** Available data follows **
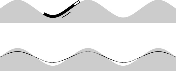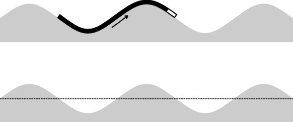 Incidentally, in undulating territory a long train needs less power per wagon than a shorter one. In figure 11, a locomotive highlighted in white is shown hauling a formation over a series of peaks and troughs. On an uphill grade, the loco must provide extra traction to overcome the gravitational pull on the wagons. But once the loco reaches the peak and begins to descend, this is partly counterbalanced by the gravitational component of the leading vehicles on the downhill side acting in the forward direction. To put it another way, the path traced out by the centre of mass of the train, as shown by the dotted line in the drawing, does not have to rise and fall to the same extent as would the path of a single wagon on its own. In the extreme case shown in figure 12, the length of the train equals the wavelength of the undulations. Hence the centre of mass follows a level path, and the energy needed to overcome gravitational resistance is zero: the train might just as well be travelling on level ground. In theory, there are circumstances in which the journey time can be shortened by adding more wagons to the train.
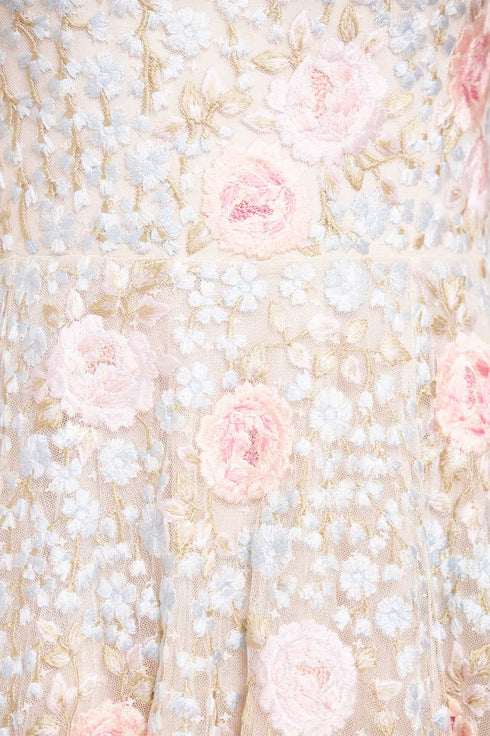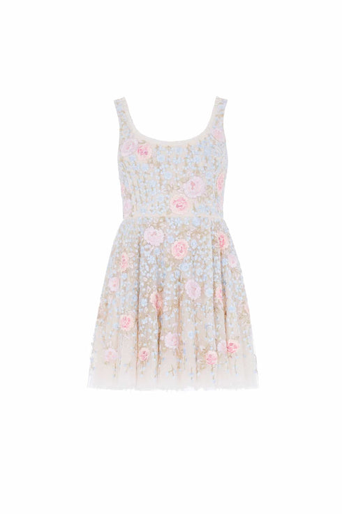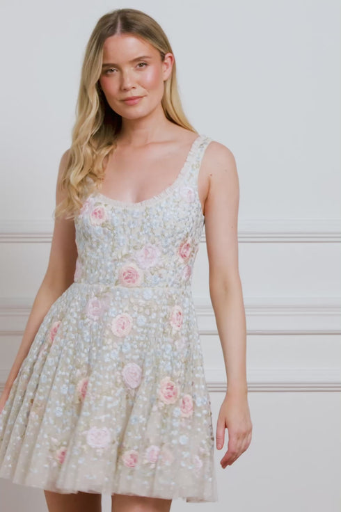 NEW SEASON. The Cressida Embroidery Scoop Neck Micro Mini Dress in Cream/Multi. Beautifully adorned with delicate floral motifs. Designed with a scoop neckline and layers of soft tulle, this playful silhouette brings a modern twist to classic Needle & Thread artistry.
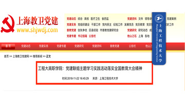 昨日,上海教卫党建网在“推荐新闻”栏目推出《工程大高职学院:党建联组主题学习实践活动落实全国教育大会精神》一文,对必赢高职学院党委携手上海出版印刷高等专科学校基础教学部思政教研部联合党总支举行学习贯彻落实全国教育大会精神党建联组主题学习实践活动的情况进行了报道。详细内容如下:
** End of Available data **
* What you are asked to do
Copy the data exactly. Pictures do not belong in the copy.

* Completed task
 Incidentally, in undulating territory a long train needs less power per wagon than a shorter one. In figure 11, a locomotive highlighted in white is shown hauling a formation over a series of peaks and troughs. On an uphill grade, the loco must provide extra traction to overcome the gravitational pull on the wagons. But once the loco reaches the peak and begins to descend, this is partly counterbalanced by the gravitational component of the leading vehicles on the downhill side acting in the forward direction. To put it another way, the path traced out by the centre of mass of the train, as shown by the dotted line in the drawing, does not have to rise and fall to the same extent as would the path of a single wagon on its own. In the extreme case shown in figure 12, the length of the train equals the wavelength of the undulations. Hence the centre of mass follows a level path, and the energy needed to overcome gravitational resistance is zero: the train might just as well be travelling on level ground. In theory, there are circumstances in which the journey time can be shortened by adding more wagons to the train.
 NEW SEASON. The Cressida Embroidery Scoop Neck Micro Mini Dress in Cream/Multi. Beautifully adorned with delicate floral motifs. Designed with a scoop neckline and layers of soft tulle, this playful silhouette brings a modern twist to classic Needle & Thread artistry.
 昨日,上海教卫党建网在“推荐新闻”栏目推出《工程大高职学院:党建联组主题学习实践活动落实全国教育大会精神》一文,对必赢高职学院党委携手上海出版印刷高等专科学校基础教学部思政教研部联合党总支举行学习贯彻落实全国教育大会精神党建联组主题学习实践活动的情况进行了报道。详细内容如下:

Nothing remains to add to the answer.